*** Extracted data

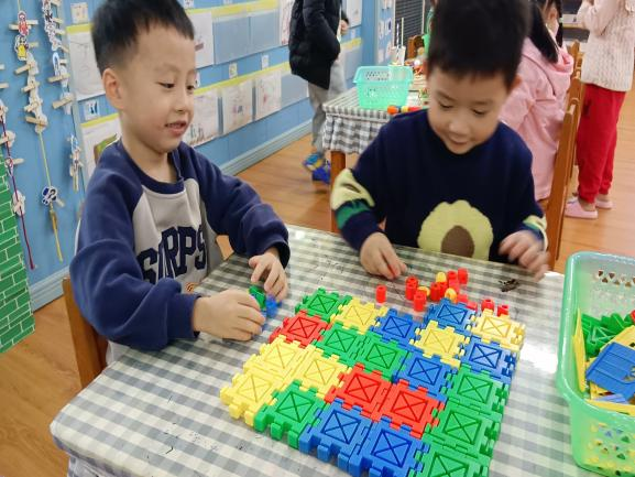 今天在室内自主游戏中,我观察到了陈俊志、符家豪拿着塑料搭拼玩具来到桌子边,他们一起把塑料玩具平摊成一个方形的形状,再选来蓝色、绿色、红色、黄色的珠子,他们就坐下来,俊志选蓝色的珠子当棋子,家豪选红色的珠子当棋子,他们玩起下棋的游戏。他们一直玩到游戏时间结束。
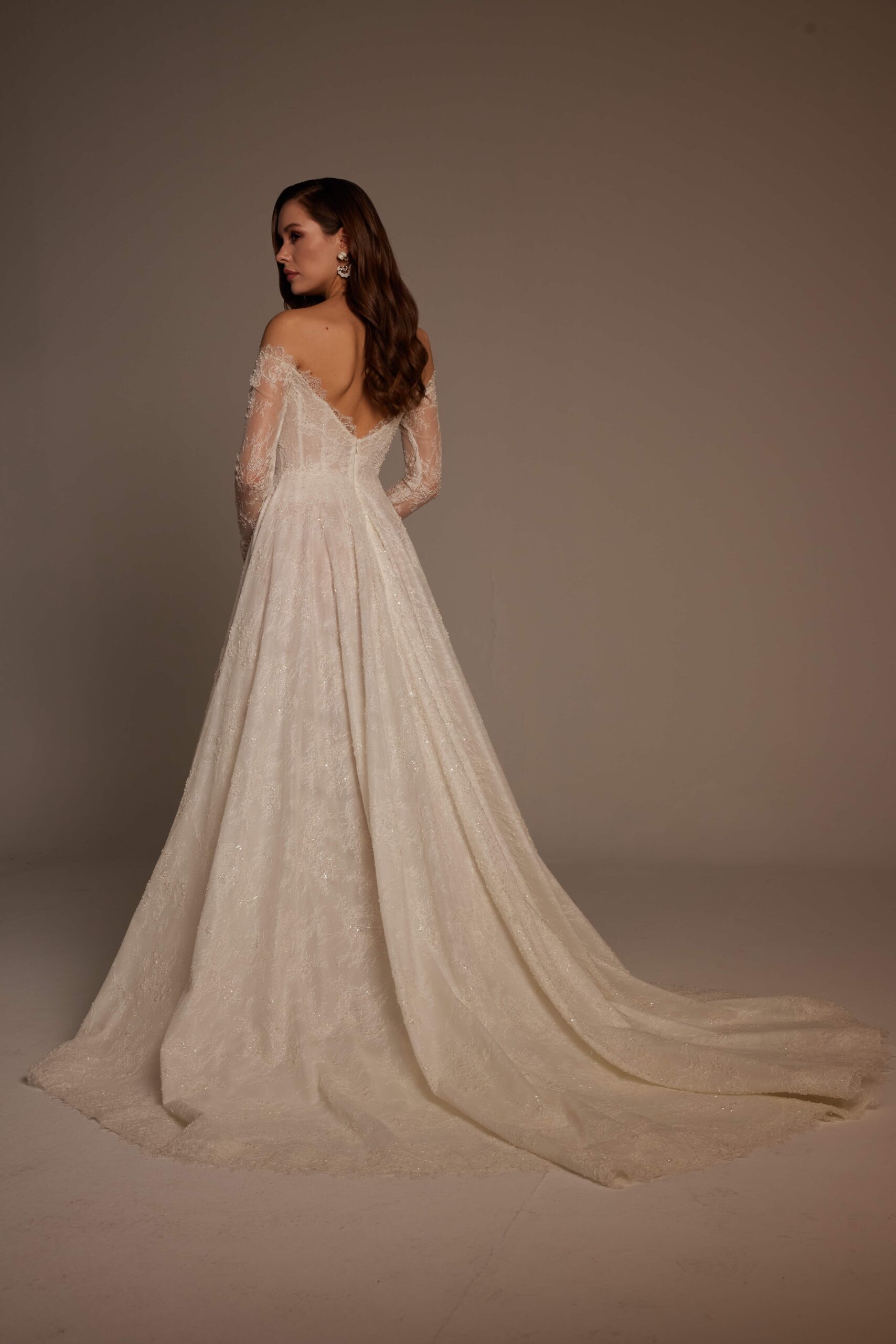 Arka tasarımda açık sırt detayı ve zarif korsaj yapısı dikkat çeker. Bu detaylar, Merve Model’e klasik gelinlik zarafetini korurken modern bir dokunuş kazandırır. Uzun etek ve hafif kuyruk formu, gelinliğin asil duruşunu tamamlar.
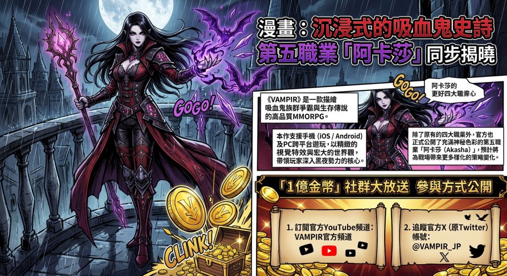 吸血鬼題材MMORPG大作《ヴァンピール(VAMPIR)》啟動事前預約!官方YouTube及X雙平台追蹤活動開跑,豪送「1億金幣」助玩家搶佔先機
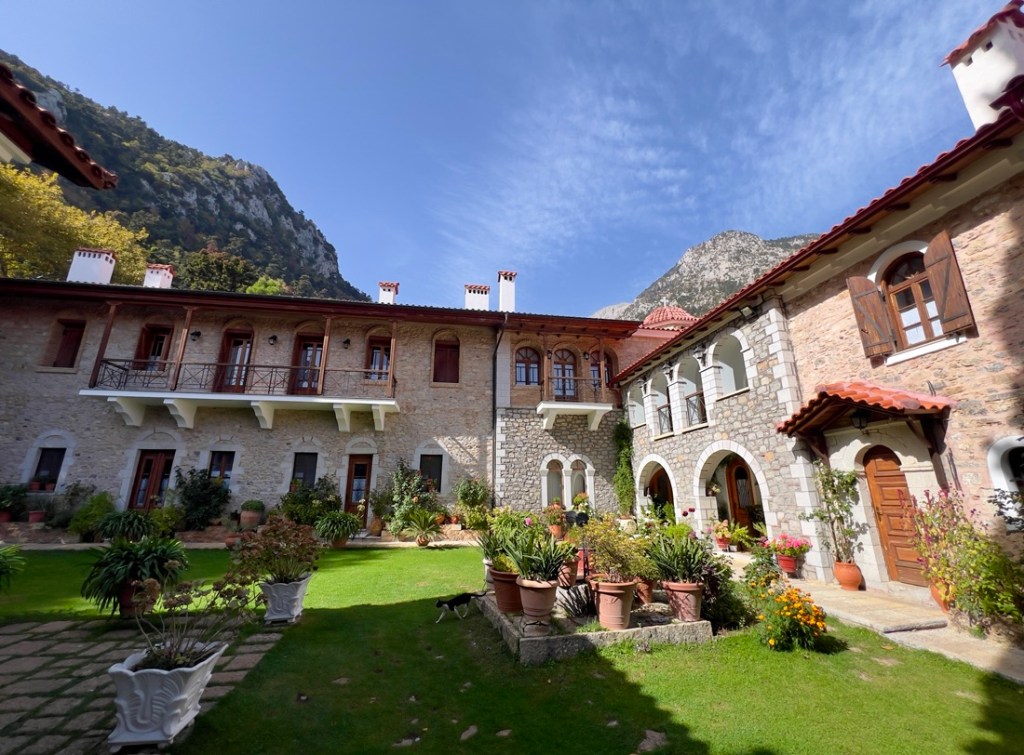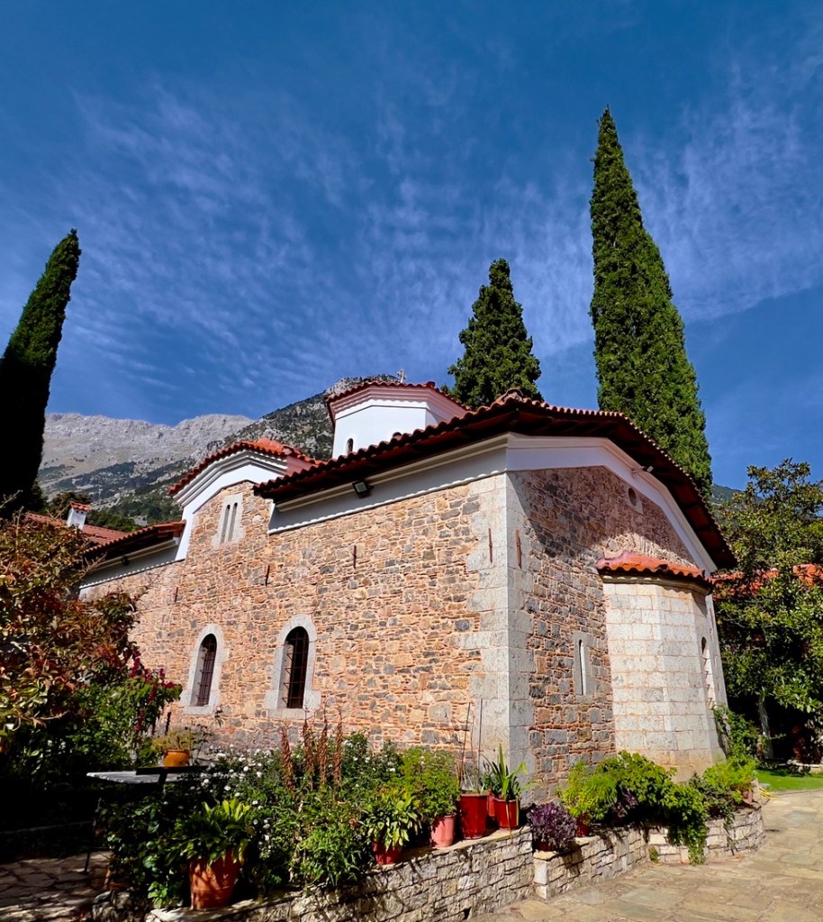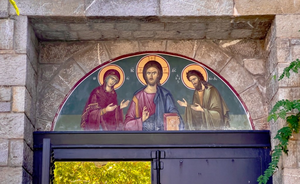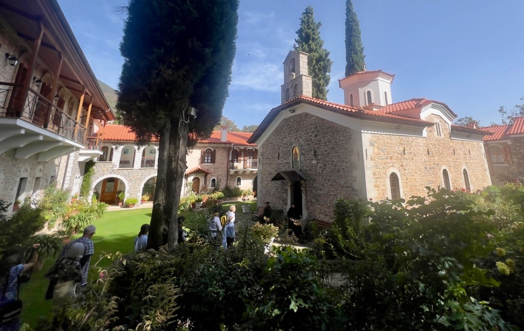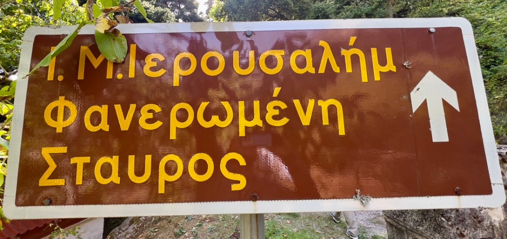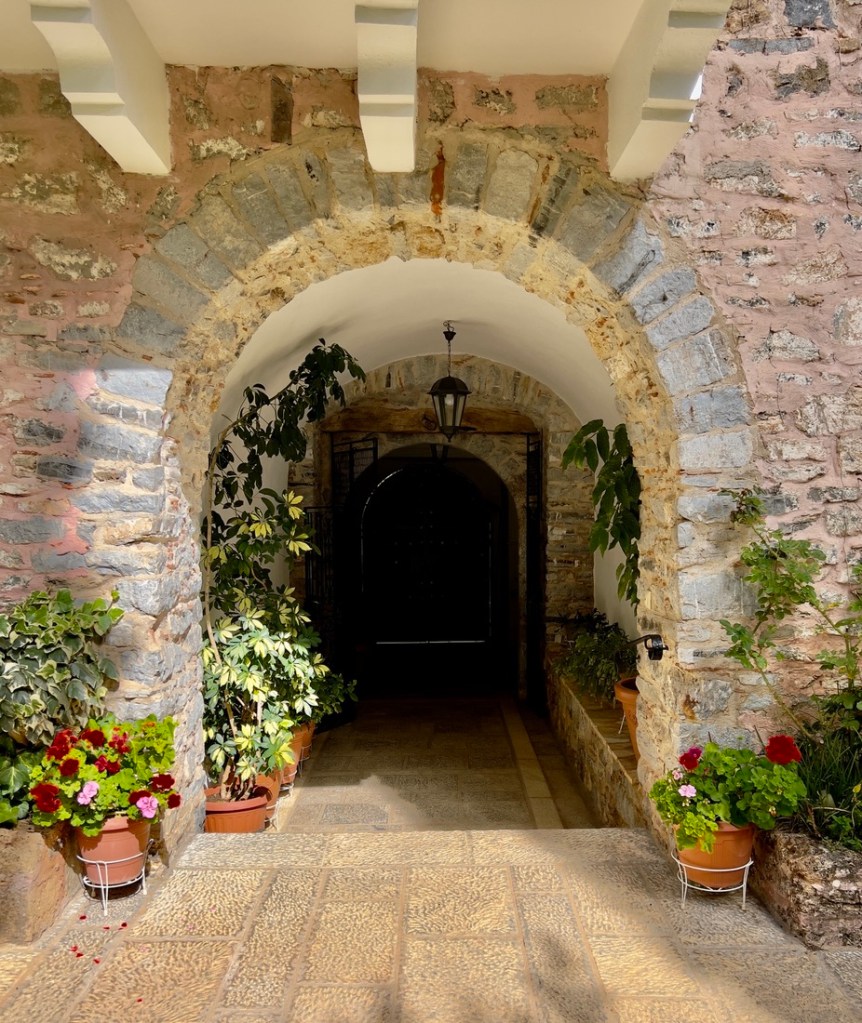 The first was the Holy Jerusalem Monastery, originally built around 1100 but destroyed by the Turks and rebuilt around 1700. The nuns showed us their church which was filled with icons, but we could not take photos inside. They gave us cookies to welcome us! Our guide Marianna provided details. We looked around their beautiful courtyard and enjoyed the views into the valley. It was fascinating to gain some insight into the Greek Orthodox religion, which has some similarities with Roman Catholicism while also having some significant differences after it developed different traditions after the Great Schism of the church in 1054.
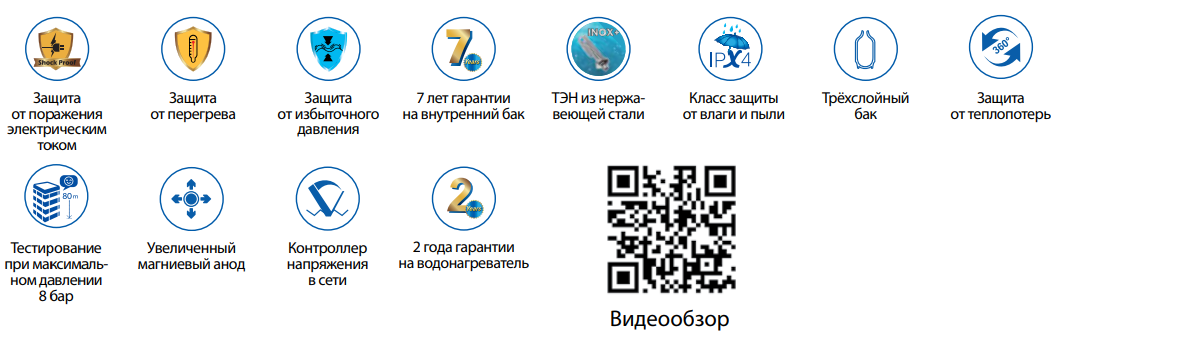 | Системы защиты | обратный клапан / предохранительный клапан / от включения без воды / от перегрева |
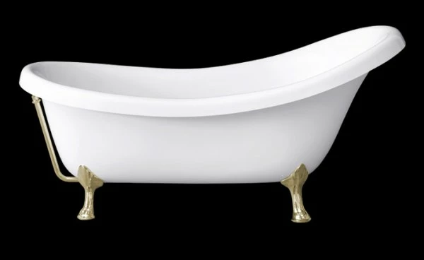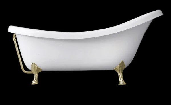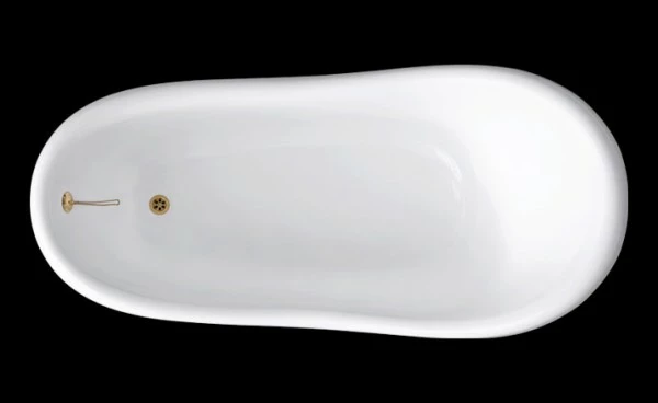 Ab- und Überlaufgarnitur aus poliertem Messing, mit Zierkette und Stöpsel, ist werkseitig vormontiert.
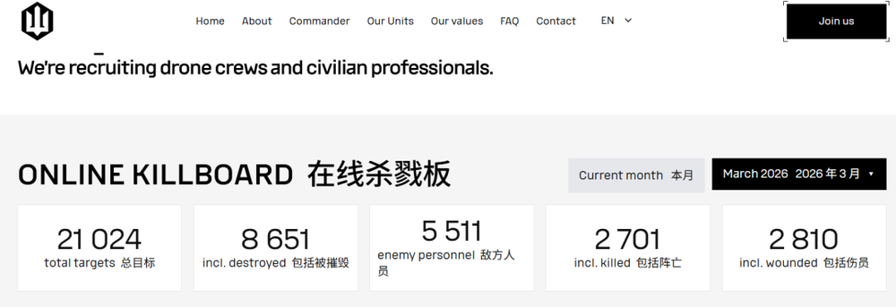 在USF的官网,有一个数据表,实时滚动着该部队在作战中的“战绩”。
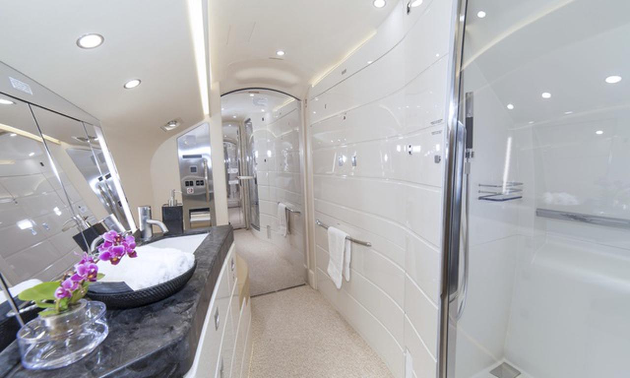 Available onboard amenities include Cabin crew , Hot meal , Lavatory , Owner's approval required , Pets allowed , Satellite phone , Shower .
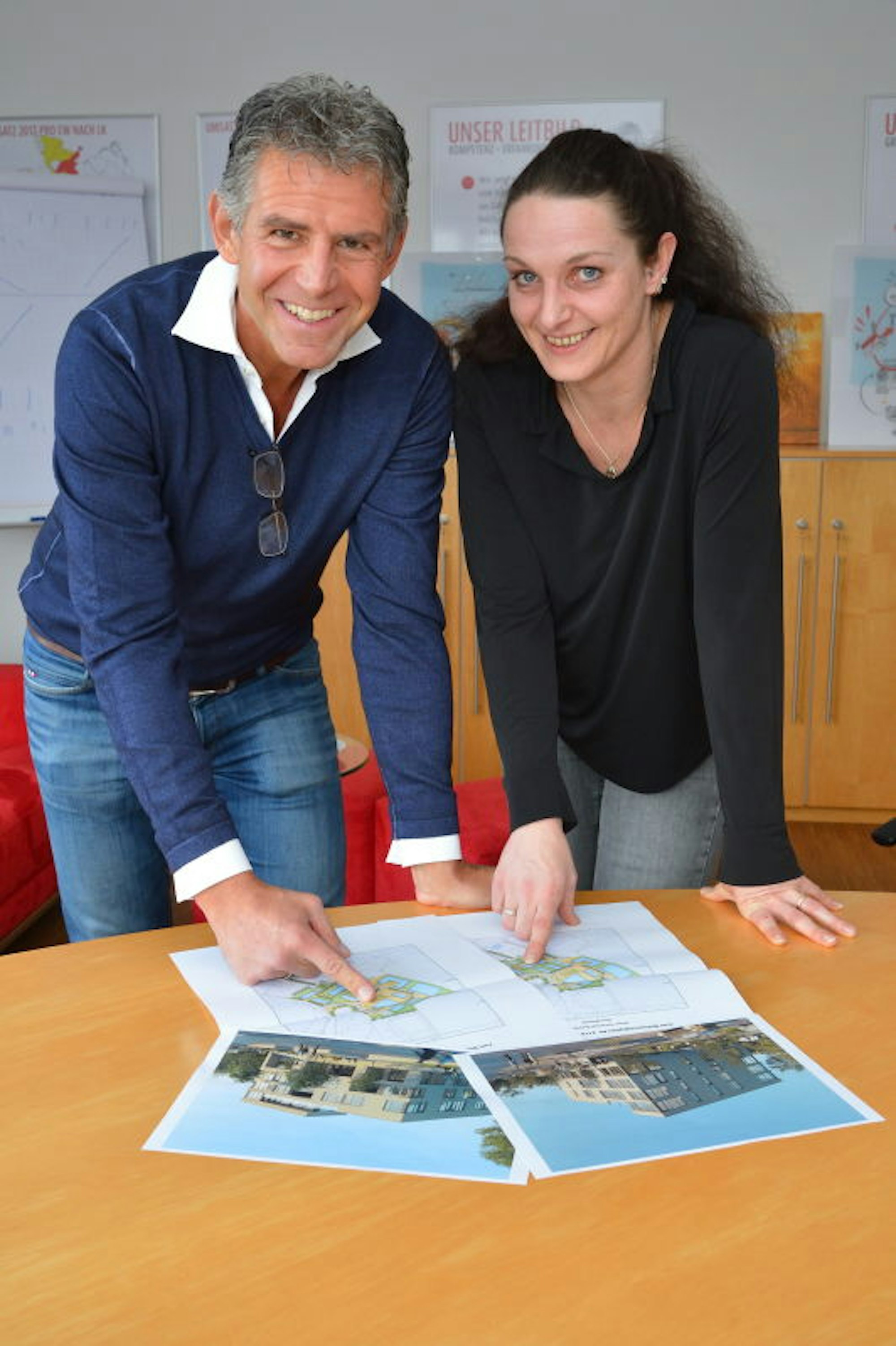 Isotec-Chef Horst Becker und Tanja Petrunic planen für die freie Fläche in unmittelbarer Nähe zur Gladbacher Innenstadt.
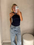 This tank top features a unique halter style neckline, perfect for showing off your shoulders while still maintaining modest coverage. Perfect from day to night.
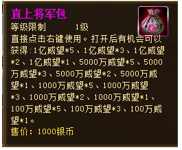 活动奖励:直上将军包,大量银币,聚魂幡,铸魂石,超级历练书,天命宝盒,出师令!
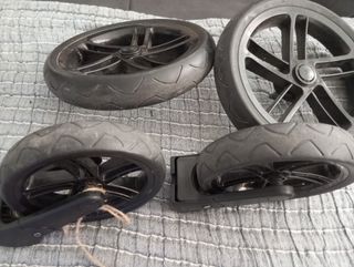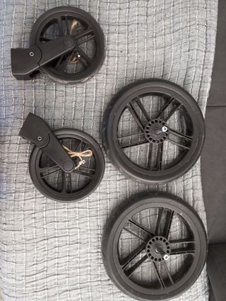 Ruedas delanteras y traseras de carro Jane muun. Están completamente nuevas, se han usado muy poco porque compré una silla nueva. No tienen ni grietas ni nada de nada. En las delanteras les he puesto una cuerda para no perder las tuercas y arandelas que vienen en el propio carro que se los he quitado por si hacían falta. Las delanteras costaron 39€ y las traseras 75€ en la apagina oficial de recambios de Jane.
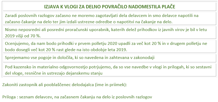 Nujni podatki za izpolnitev vloge za POVRAČILO NADOMESTILA PLAČE DELAVCEV NA ZAČASNEM ČAKANJU NA DELO IZ POSLOVNIH RAZLOGOV
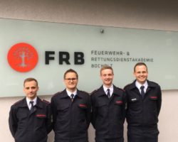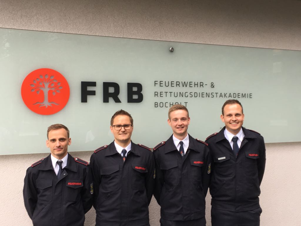 Nach 18 monatiger Ausbildung haben Lukas Jager, Tobias Kleinod, Gunnar Wieking und Bastian Heim ihre Prüfungen an der Feuerwehr- und Rettungsdienstakademie in Bocholt abgelegt. Am 01.04.2016 haben alle 4 ihre Ausbildung begonnen. Neben der Theorie wurden die Anwärter auch in der Praxis fit gemacht. Bei den einzelnen Wachpraktika konnte dann das Erlernte vertieft und teilweise auch schon angewandt werden.
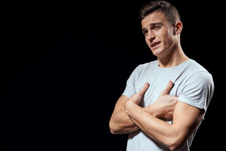 handsome man in white t-shirt on black background inflated arm muscles sport model cropped view Copy Space
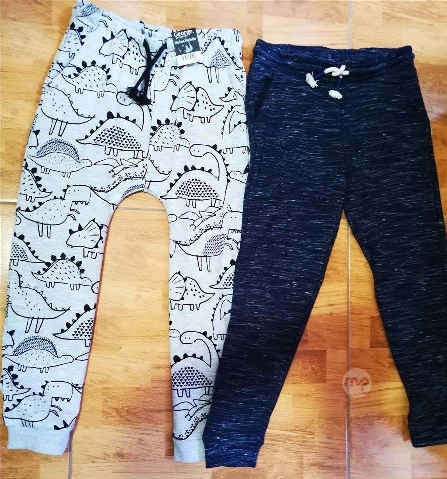 Two brand new boys joggers still with tags. One grey with dinosaurs and one lined navy blue. Both together for only €15.00 or €10.00 each if sold separately
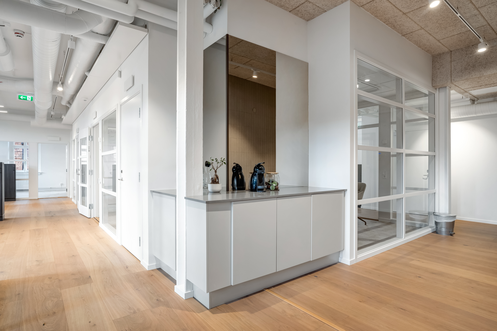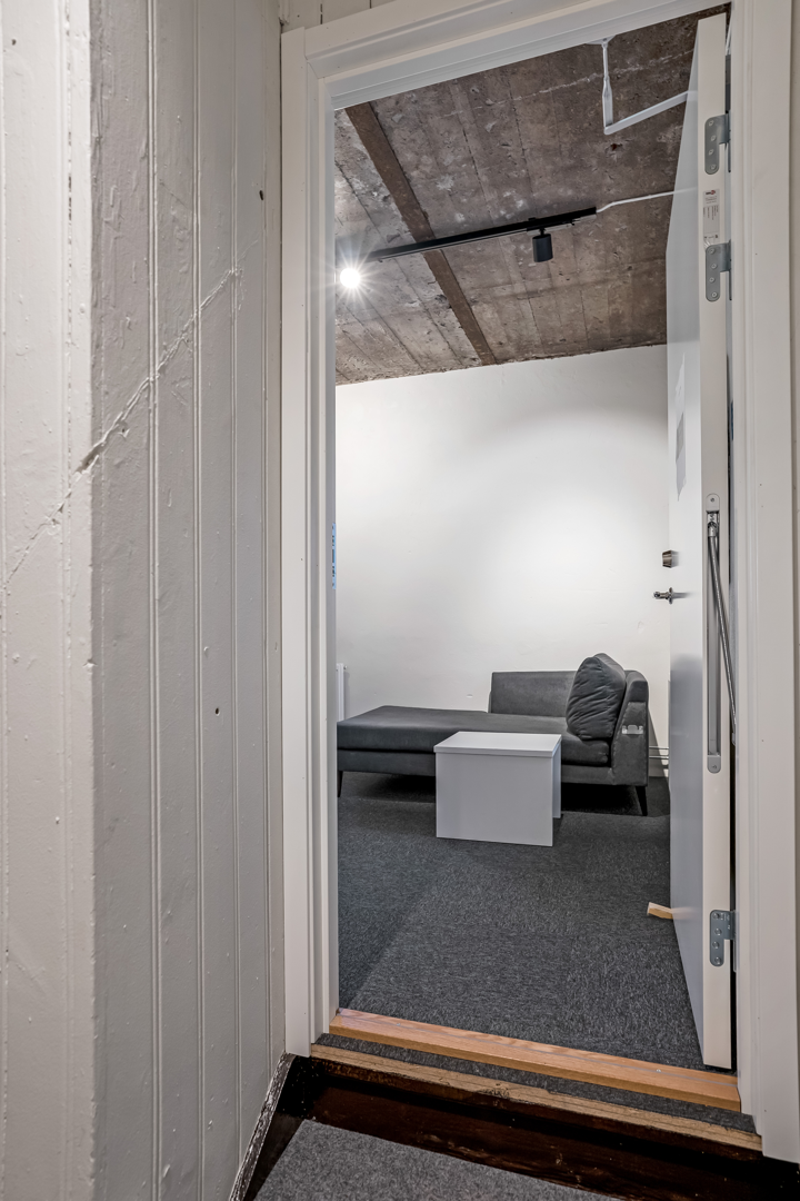 Nedre plan består av kontorsytor, konferensrum och mindre samtalsrum.

******

- Exercise objective: With the pictures removed, print only the lines starting at the line that has "Arka tasarımda açık" and ending at the line that has "Isotec-Chef Horst Becker", both ends included, exactly as they stand above.

- Answer space:
 Arka tasarımda açık sırt detayı ve zarif korsaj yapısı dikkat çeker. Bu detaylar, Merve Model’e klasik gelinlik zarafetini korurken modern bir dokunuş kazandırır. Uzun etek ve hafif kuyruk formu, gelinliğin asil duruşunu tamamlar.
 吸血鬼題材MMORPG大作《ヴァンピール(VAMPIR)》啟動事前預約!官方YouTube及X雙平台追蹤活動開跑,豪送「1億金幣」助玩家搶佔先機
 The first was the Holy Jerusalem Monastery, originally built around 1100 but destroyed by the Turks and rebuilt around 1700. The nuns showed us their church which was filled with icons, but we could not take photos inside. They gave us cookies to welcome us! Our guide Marianna provided details. We looked around their beautiful courtyard and enjoyed the views into the valley. It was fascinating to gain some insight into the Greek Orthodox religion, which has some similarities with Roman Catholicism while also having some significant differences after it developed different traditions after the Great Schism of the church in 1054.
 | Системы защиты | обратный клапан / предохранительный клапан / от включения без воды / от перегрева |
 Ab- und Überlaufgarnitur aus poliertem Messing, mit Zierkette und Stöpsel, ist werkseitig vormontiert.
 在USF的官网,有一个数据表,实时滚动着该部队在作战中的“战绩”。
 Available onboard amenities include Cabin crew , Hot meal , Lavatory , Owner's approval required , Pets allowed , Satellite phone , Shower .
 Isotec-Chef Horst Becker und Tanja Petrunic planen für die freie Fläche in unmittelbarer Nähe zur Gladbacher Innenstadt.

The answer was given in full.